I think some of the best shares to buy right now are located in the FTSE 100. With that being the case, here are two companies listed on the blue-chip index I’d buy for my portfolio right now.
FTSE 100 wealth manager
Schroders (LSE: SDR) this one of the world’s most respected wealth managers. It might not be the largest in the space, but its reputation is renowned around the world. This is the company’s most considerable competitive advantage. Larger American asset managers might have more money to manage, which allows them to achieve more significant economies of scale, but Schroders’ reputation works in a similar way.
Customers have flocked to the business over the past year, and it’s also benefited from rising stock markets. According to the company’s 2020 annual results, 75% of its managed funds have outperformed over the space of one year. And 81% outperformed over five years.

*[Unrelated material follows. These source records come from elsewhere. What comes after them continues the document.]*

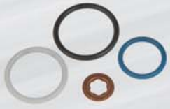
Fuel Injector O-Ring Kit
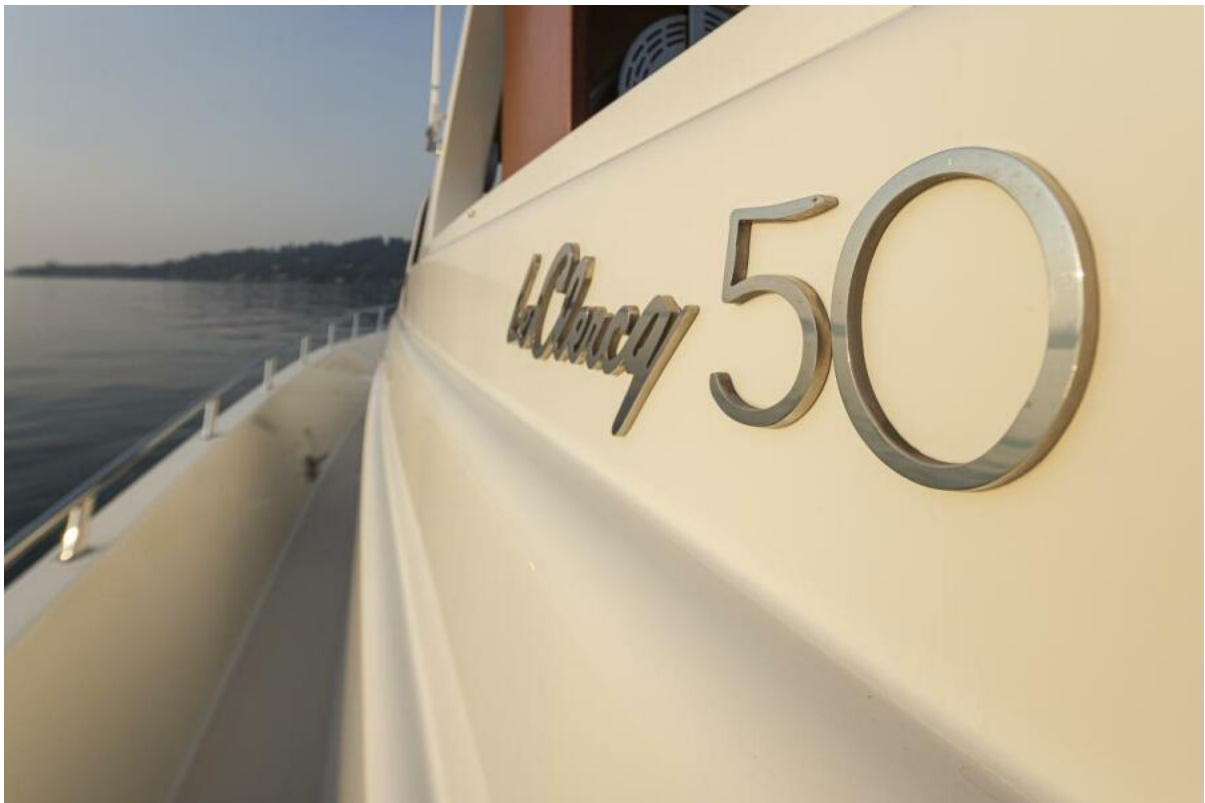
Side Deck Side Deck
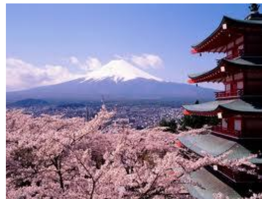
Mt Fuji at Cherry Blossom

Hotel: Palace Hot Spring Hotel (5★) Hakone
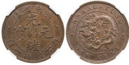
878. KWANGTUNG: Kuang Hsu , 1875-1908, AE cent, ND (1900-06), Y-192, NGC graded MS62 BR $75 - 100

Based on these metrics, it’s no surprise to me that group assets under management increased to a record £574bn at the end of 2020.
As long as Schroders continues to do what it does best, find attractive investment opportunities for its clients, I think the FTSE 100 company could be a good investment. That’s not to say the business doesn’t face risks.
As mentioned above, larger competitors can offer clients a slimmer service for a much-reduced fee. What’s more, client retention depends on the group’s ability to outperform. If managed funds start to lag the market, consumers may go elsewhere.
Despite these challenges, I’d buy the FTSE 100 stock for my portfolio as I believe it’s one of the best shares to buy right now.
Shares to buy right now
Associated British Foods (LSE: ABF) is one of the few remaining family-controlled conglomerates on the London Stock Exchange. Its diversification has been helpful over the past 12-months.
While most of the company’s Primark value lifestyle stores have been forced to shut, its food division has picked up the slack. Group revenue from continuing operations for the 16 weeks ended 2 January was 13% lower than the same period last year. However, retail sales slumped 30% year-on-year.
Based on this performance, I think this is one of the best shares to buy right now as a way to play the economic reopening. When the retail stores are allowed to reopen, they could provide a boost to overall group growth.
The main challenges the businesses face are clear. If lockdowns continue, there’s no chance the Primark brand will return to its former glory this year. Rising food prices may also compress margins at the group’s food division. This could hold back a recovery over the next 12-24 months.
Still, considering the group’s diversification and long-term potential, I’d buy the stock for my portfolio today.